Tangled web of expectations ensnares McNair

August 06, 2006|By DAVID STEELE

LANDOVER -- Since Steve McNair is going to be the reason the Ravens either win a Super Bowl or fall flat on their faces and get everybody fired, at the very least he deserves a nickname. Something less sacrilegious than The Savior, although that's exactly how lots of the faithful have perceived him since before he even arrived.

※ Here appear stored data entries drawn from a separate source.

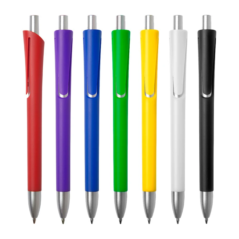Plástico. Bolígrafo con cuerpo plástico de color, botón pulsador y puntera color plata. Tinta negra.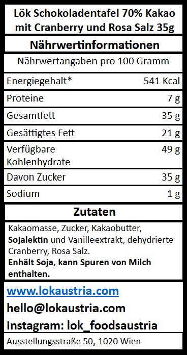 Zutaten: Kakaomasse, Rohrzucker, getrocknete Cranberries, rosa Salz, Kakaobutter, Sojalecithin, Vanilleextrakt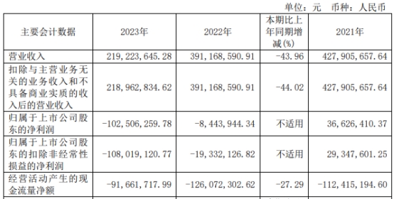 2022年、2023年,中科通达归属于上市公司股东的净利润分别为-844.39万元、-10250.63万元;归属于上市公司股东的扣除非经常性损益的净利润分别为-1933.21万元、-10801.91万元。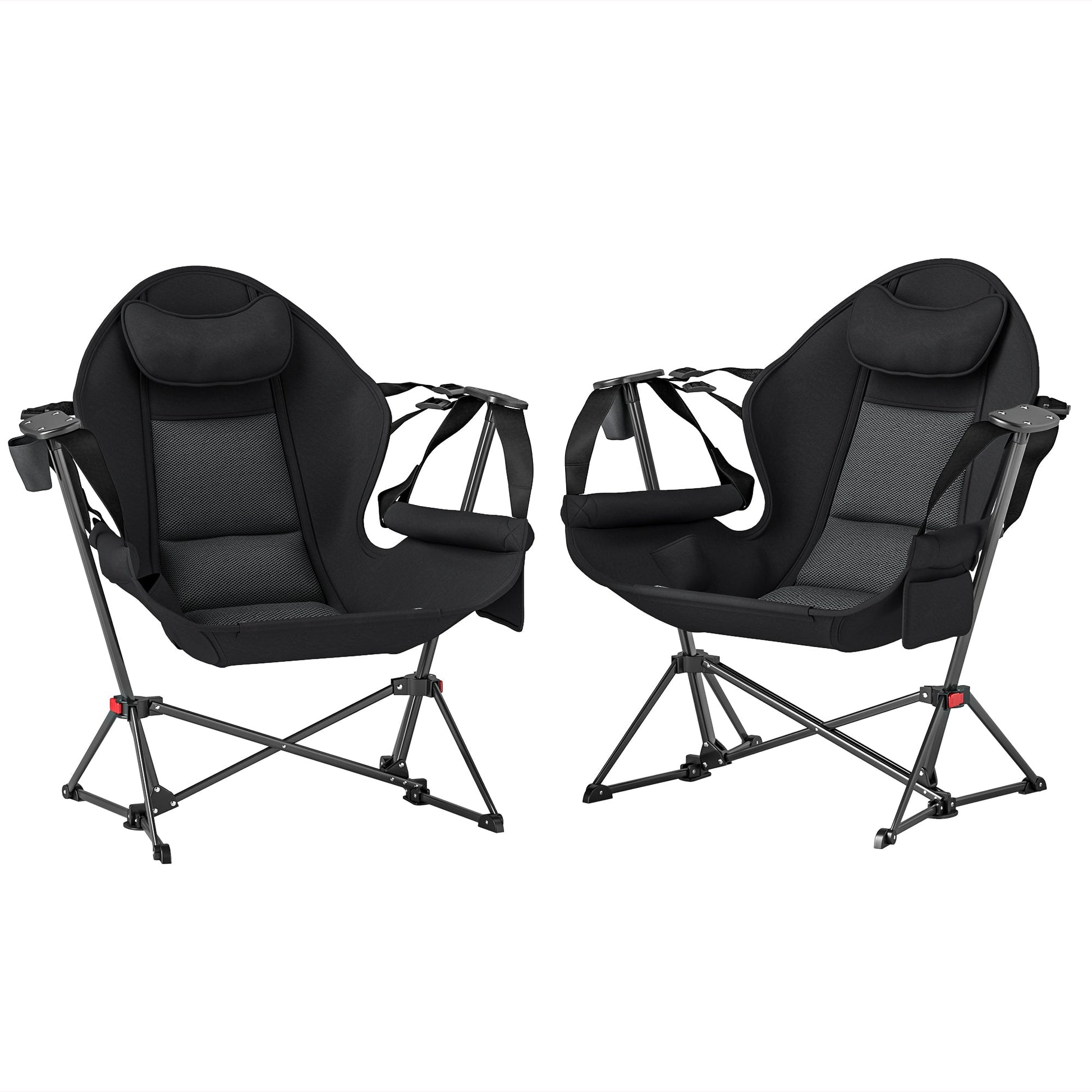 Outsunny Hammock Camping Chair Set of 2, Adjustable Back Portable Swinging Camping Chair with Cup Holder, Headrest, Padded Seat and Carry Bag for Travel Fishing Hiking, Black

So ... how about Spiderman?

That comes, in part, from Derrick Mason, his past and current teammate. Not because McNair is climbing walls, swinging from goal posts or enraging tabloid editors. It has to do with those very expectations the franchise and its followers are placing on him, which he toted around even during yesterday's terribly meaningful-yet-meaningless scrimmage against the Redskins.

"You expect that. You expect that at that position, when you have that type of status," Mason said after the game, watching as a horde of reporters bolted away from him in mid-question when McNair returned to his locker. "You've got a responsibility - kind of like the Spiderman movies. He's got those powers. Now, with those powers comes great responsibility.

"That's what Steve has to uphold, and I don't see any indication of him not upholding that responsibility of being our starting quarterback and our leader. So everything he does is going to be scrutinized. Even if he does it perfectly, somebody's going to find some way where that gets scrutinized. But it's been that way his whole life, his whole career."

And it was that way the whole afternoon, although some of the scrutiny was indirect. It was a pro-Skins crowd, to put it mildly. In fact, "crowd" is putting it mildly. They drew more than 47,000 who were not just willing, but eager, to bake and cheer and boo and chant about everything going on in front of them, no matter how little connection it might have to what either team does five weeks from now when there are actual games that actually count.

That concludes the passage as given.